Meteorologists talk in these cases of teleconnections. Thus,
for example, there are studies that relate the water levels of the lagoon of
Gallocanta, in Aragón (
But
these great deviations of the average climatic cycle – phases of droughts and
floods, high or low thermal averages -, have their preludes at critical moments
of the local cycles, when the normal thing is that it rains and does not, or on
the contrary, when having to be warm, it is cold, or vice versa.
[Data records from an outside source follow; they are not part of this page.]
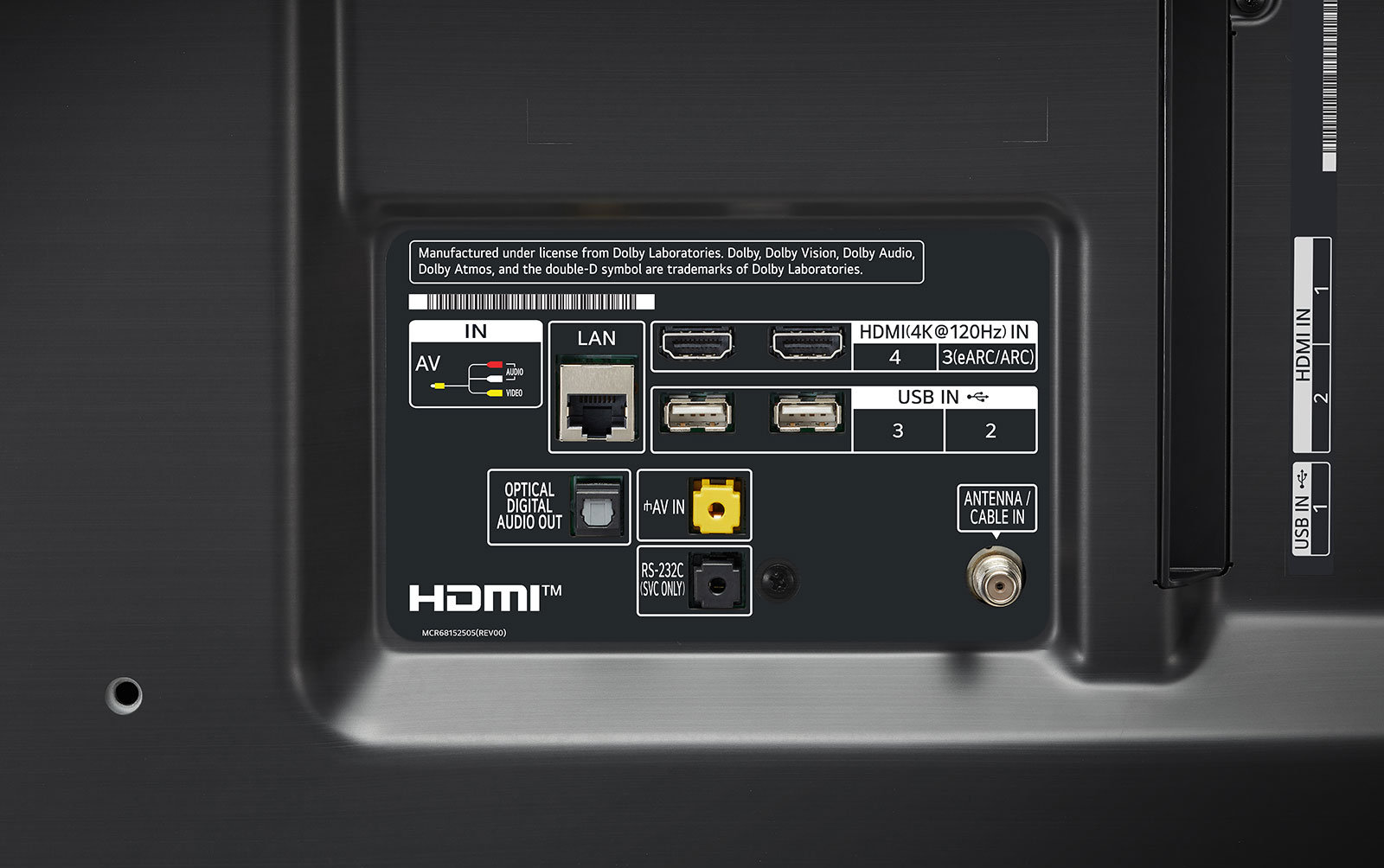 Задняя панель телевизоров линейки NANO85 оснащена двумя входами HDMI v.2.1 (один из которых совместим с ARC и eARC), двумя разъемами USB 2.0, компонентным AV-входом (только в версии для США), 2 антенными входами (для спутникового и кабельного/эфирного ТВ) и одним портом LAN (со скоростью 100 Мбит/сек). Что касается аудио, то на этой же панели расположен только оптический аудиовыход.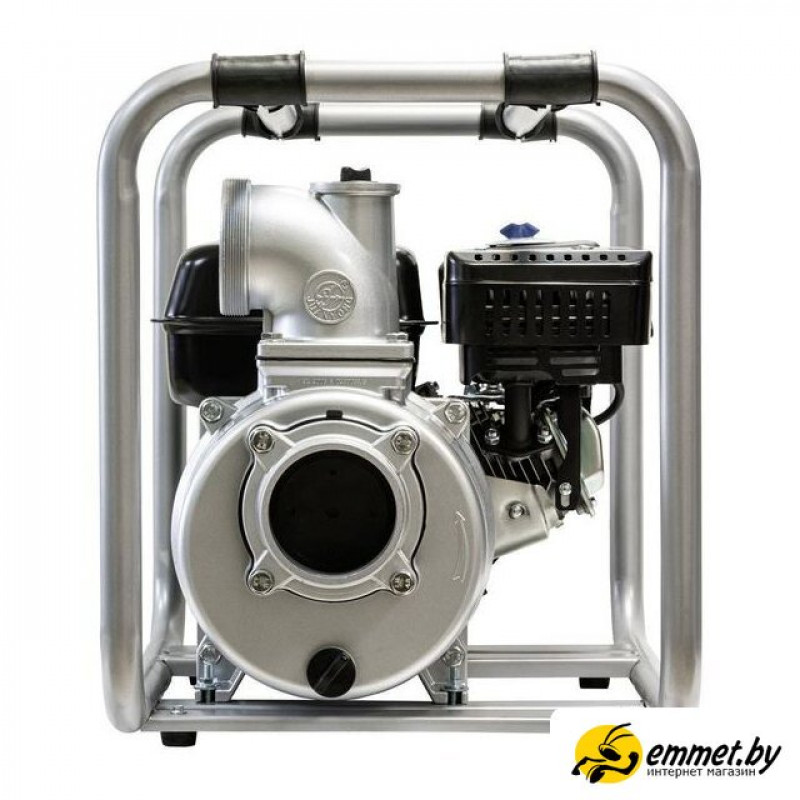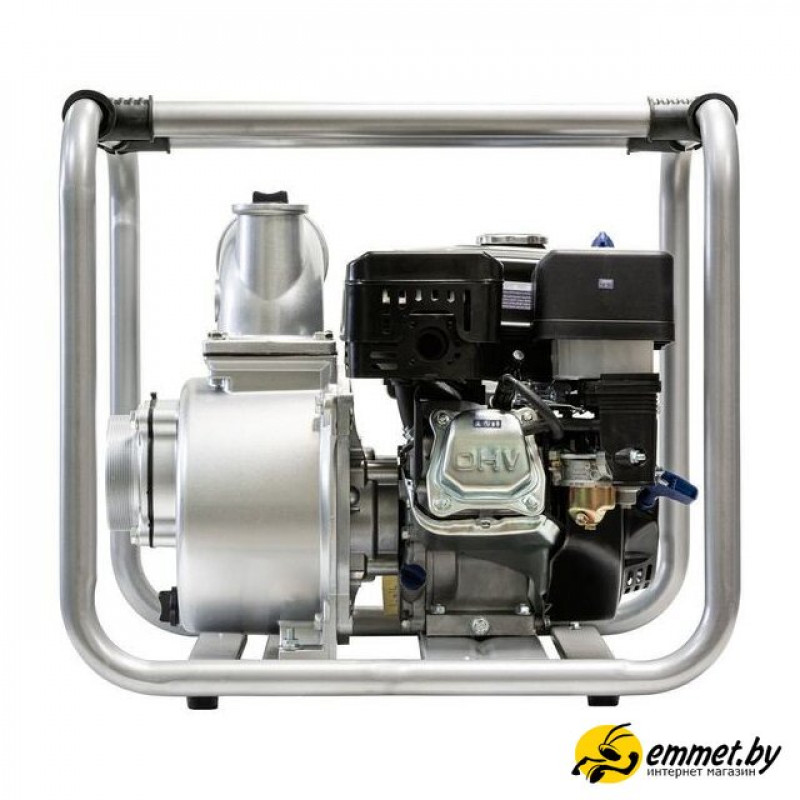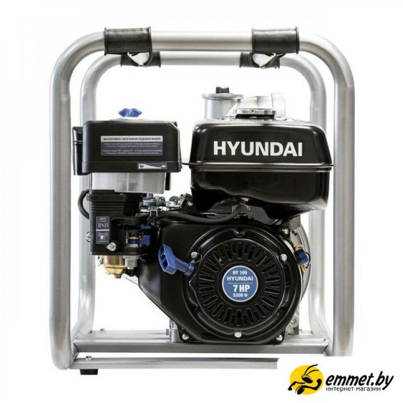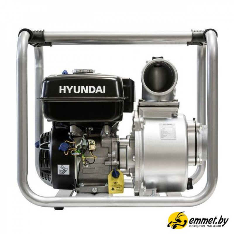 для слабозагрязненной воды, бензиновый двигатель Hyundai IC210, мощность 5.2 кВт, производительность 1300 л/мин, высота подъема 18 м, бак 6.5 л, патрубки 100/100 мм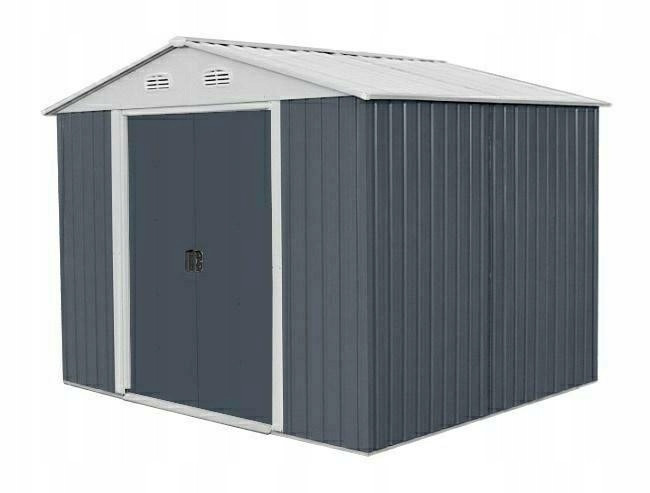 Praktyczny domek ogrodowy do przechowywania narzędzi, urządzeń ogrodowych wykonany z blachy powlekanej. Kratki wentylacyjne zapewniają wentylację, i zapobiegają gromadzeniu sie wilgoci. O 20% grubszy materiał niż o konkurencji co zapewnia wysoką trwałość i odporność. rozmiar - 208x 258 x 260cm, rozmiar podstawy: 248 x 248 x 208cm, grubość blachy - 0,3 mm, grubość ramy - 0,6 mm, wysokość drzwi - 173 cm. Kolor: Ciemnoszary Uwaga: kolor drzwi jest losowy (białe lub szare)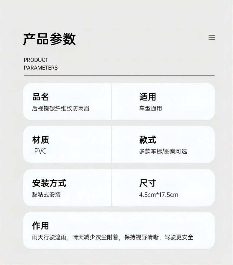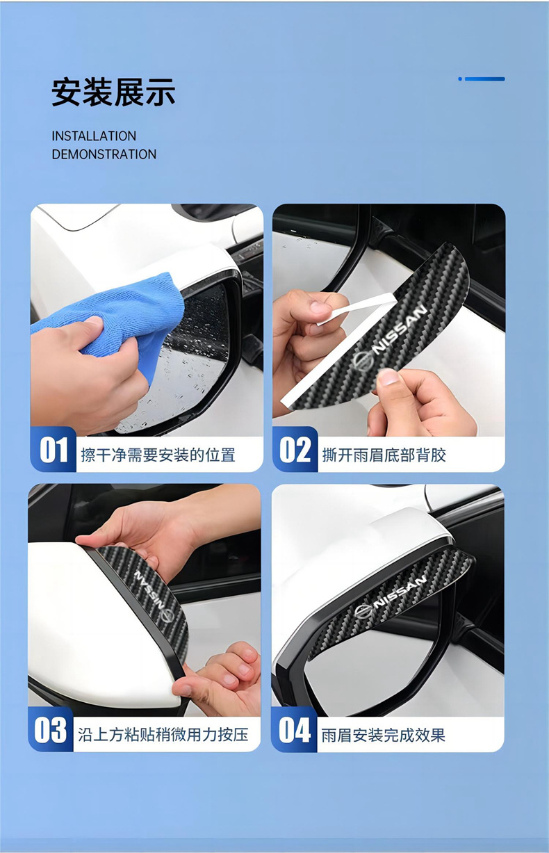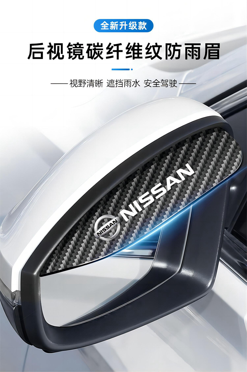 Модель Cross-border carbon fiber texture car rearview mirror rain eyebrow rain cover reverse mirror rain shield aluminum alloy rain shield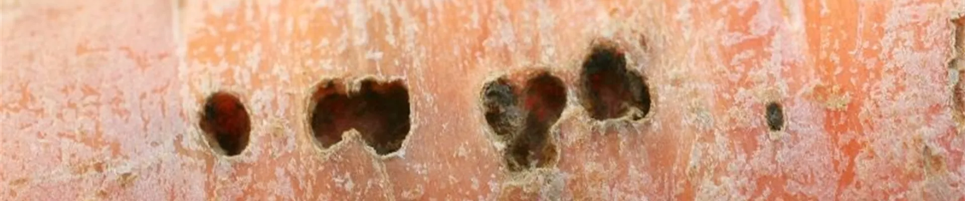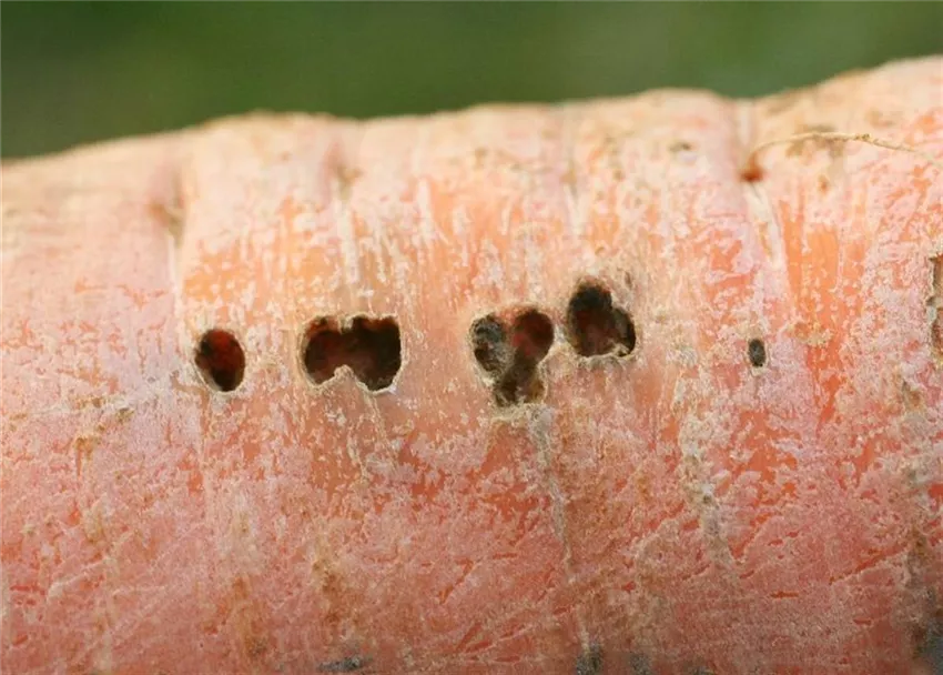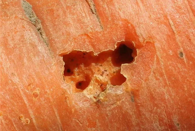 Bei der Ernte fallen löchrige Fraßstellen am Möhrenkörper auf, die bis weit in das Innere der Rübe hineingehen können. Diese Schäden werden von der kleinen Gartenwegschnecke verursacht.
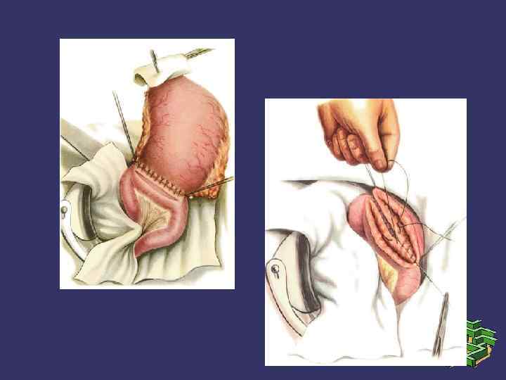 Приводящая петля не должна быть короче 10— 12 см во избежание ее натяжения. Концы нитей наложенных швов срезают, за исключением крайних, которые в дальнейшем используют как держалки. Брюшную полость отгораживают салфетками. С пилорического отдела желудка снимают жом и аспиратором отсасывают содержимое. Отступя на 0, 5— 0, 7 см от линии швов, рассекают стенку тонкой кишки и из ее просвета марлевыми шариками удаляют содержимое. Затем на таком же расстоянии от линии швов отсекают желудок. После этого через все слои стенки кишки и желудка накладывают непрерывный кетгутовый шов на задние губы анастомоза. Передние губы анастомоза сшивают скорняжным швом, поверх которого накладывают ряд узловых серозно мышечных швов.

Those points of the meteorological cycles were well known before Christ,
we have many texts about the subject. Farmers
from the time of our grandparents, and even our parents, knew those privileged
moments of the year, and also to interpret the facts and signals observed in the
sky and the atmosphere at such moments.
To
recover this knowledge and update it has been our work for years.
And not only by the fact to rescue a lost knowledge to give back it to
the patrimony of the humanity. The
long term weather forecast is a problem no solved for present Meteorology.
In weather forecasts for three, four, five or six days, the different
models diverge, they only are illustrative.
In the long terms - seasonal, monthly, annual -, its reliability is
rather utopian.
Here
it is when the practical utility of the Meteorogmomy can enter into action. In a previous stage along many years (since 1967), the
expectations of our works have surpassed the phase of experimental prognosis of
long term weather forecast.
The
problem, of course, is not resolute in a totally satisfactory way. But we expect
that, likely, the stretch crossed until now will allow us to approach a
sufficient solution. At least, we
are attempting to open a door that leads to it.